## PROBLEM DESCRIPTION
Given the material below, return only the lines starting at the line with "Say hello to" and ending at the line with "или оцинкованного металла.", exactly as they appear.

## EXERCISE MATERIALS
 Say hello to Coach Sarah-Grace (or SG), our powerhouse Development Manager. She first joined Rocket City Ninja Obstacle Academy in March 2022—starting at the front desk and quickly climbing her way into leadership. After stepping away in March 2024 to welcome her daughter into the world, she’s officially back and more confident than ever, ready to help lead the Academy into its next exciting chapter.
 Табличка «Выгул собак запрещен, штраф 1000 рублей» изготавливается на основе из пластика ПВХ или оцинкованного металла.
...
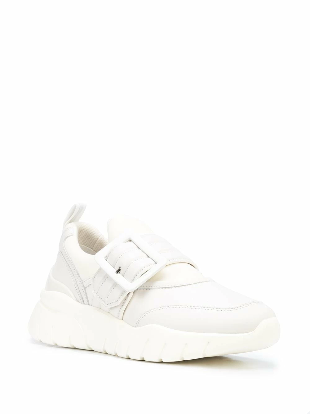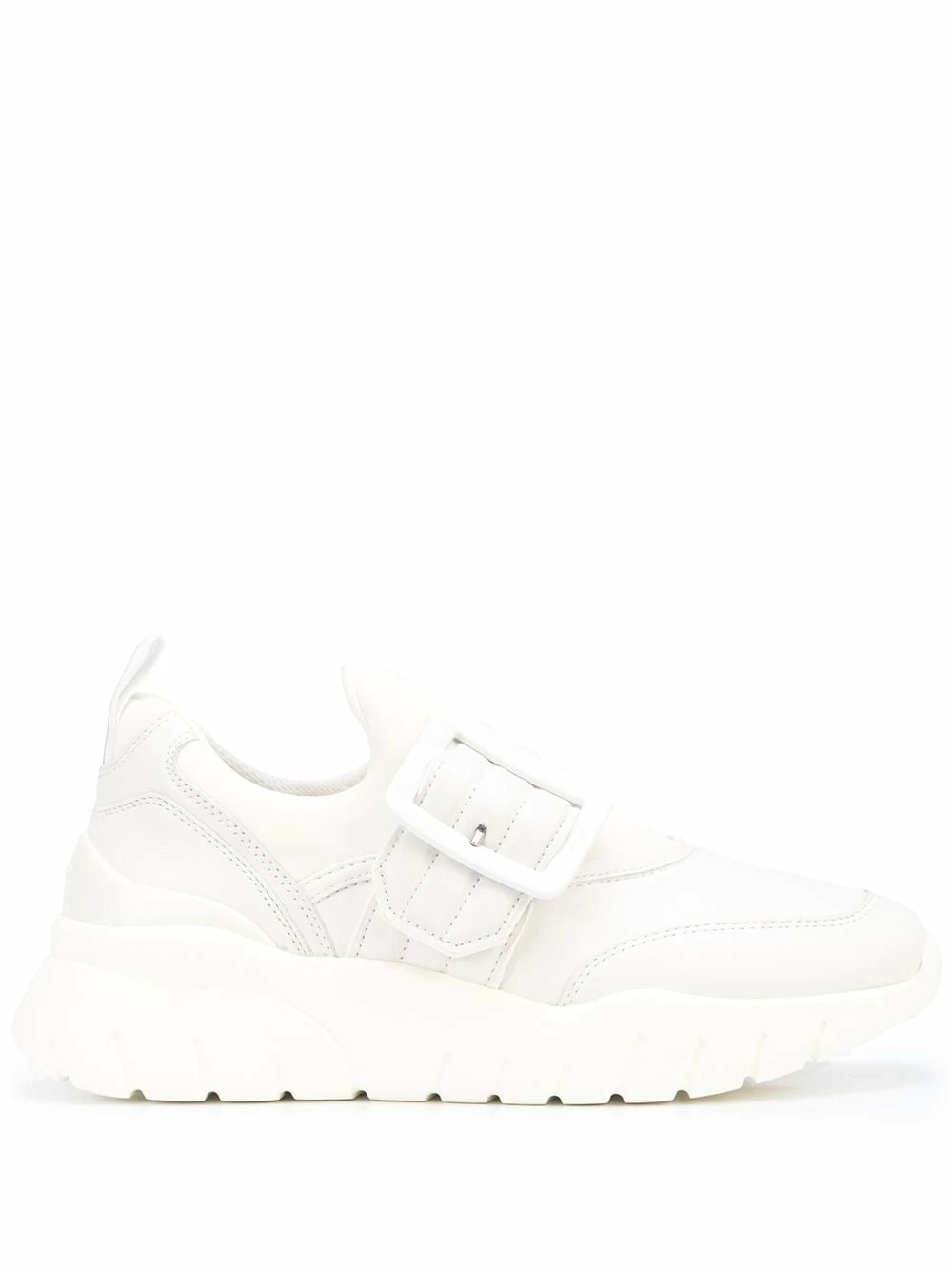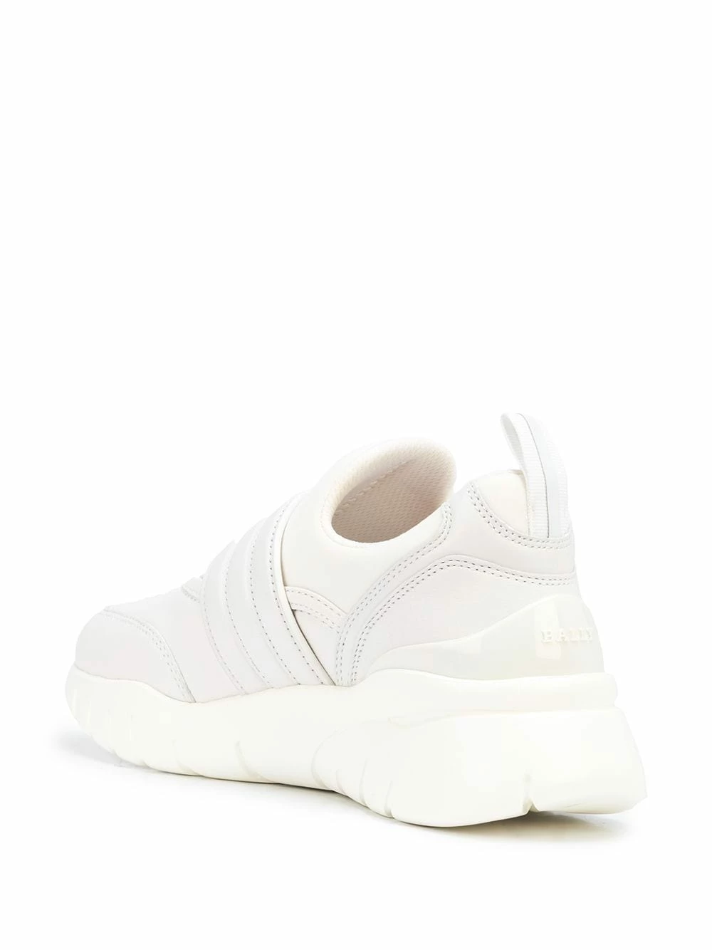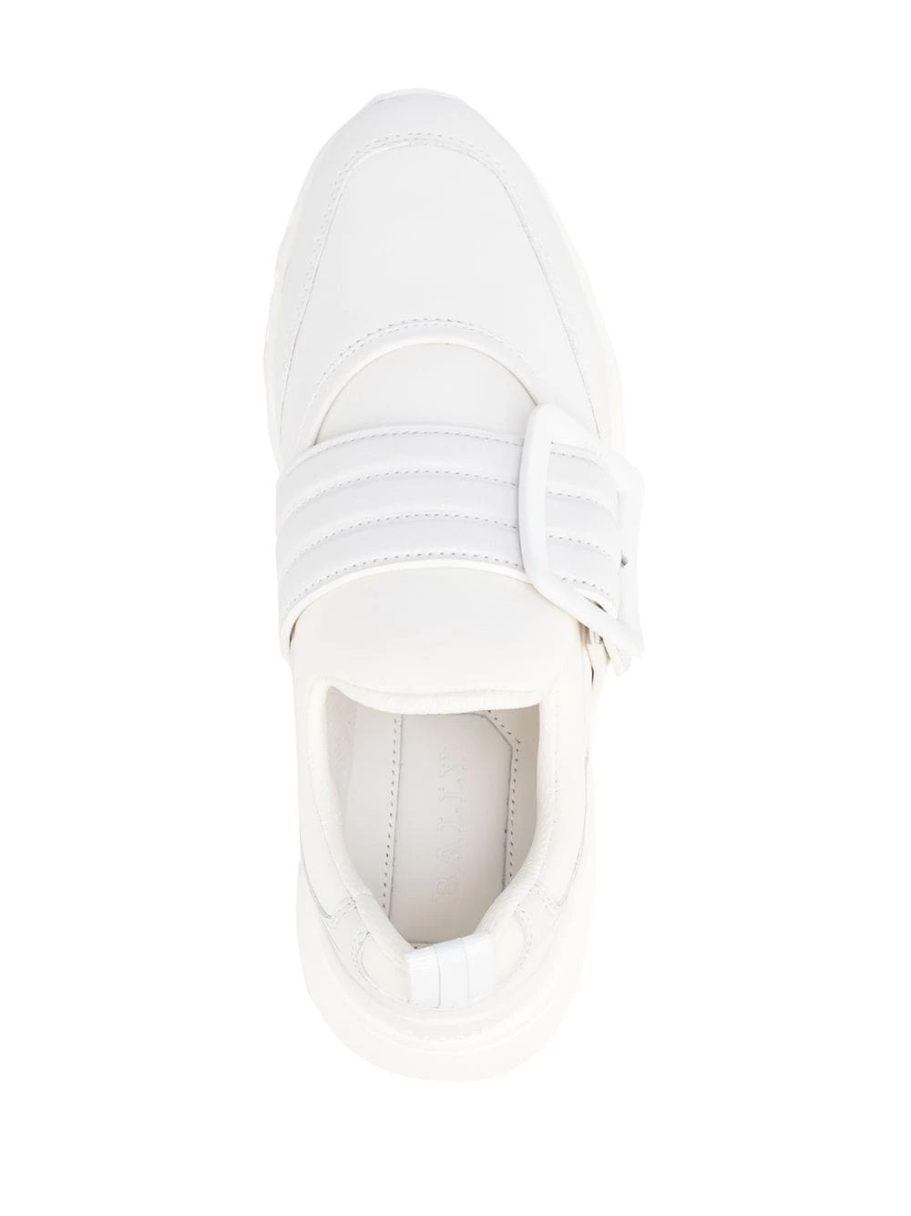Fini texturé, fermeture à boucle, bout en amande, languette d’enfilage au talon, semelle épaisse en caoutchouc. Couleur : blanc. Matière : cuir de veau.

## ANSWER TO THIS TASK
 Say hello to Coach Sarah-Grace (or SG), our powerhouse Development Manager. She first joined Rocket City Ninja Obstacle Academy in March 2022—starting at the front desk and quickly climbing her way into leadership. After stepping away in March 2024 to welcome her daughter into the world, she’s officially back and more confident than ever, ready to help lead the Academy into its next exciting chapter.
 Табличка «Выгул собак запрещен, штраф 1000 рублей» изготавливается на основе из пластика ПВХ или оцинкованного металла.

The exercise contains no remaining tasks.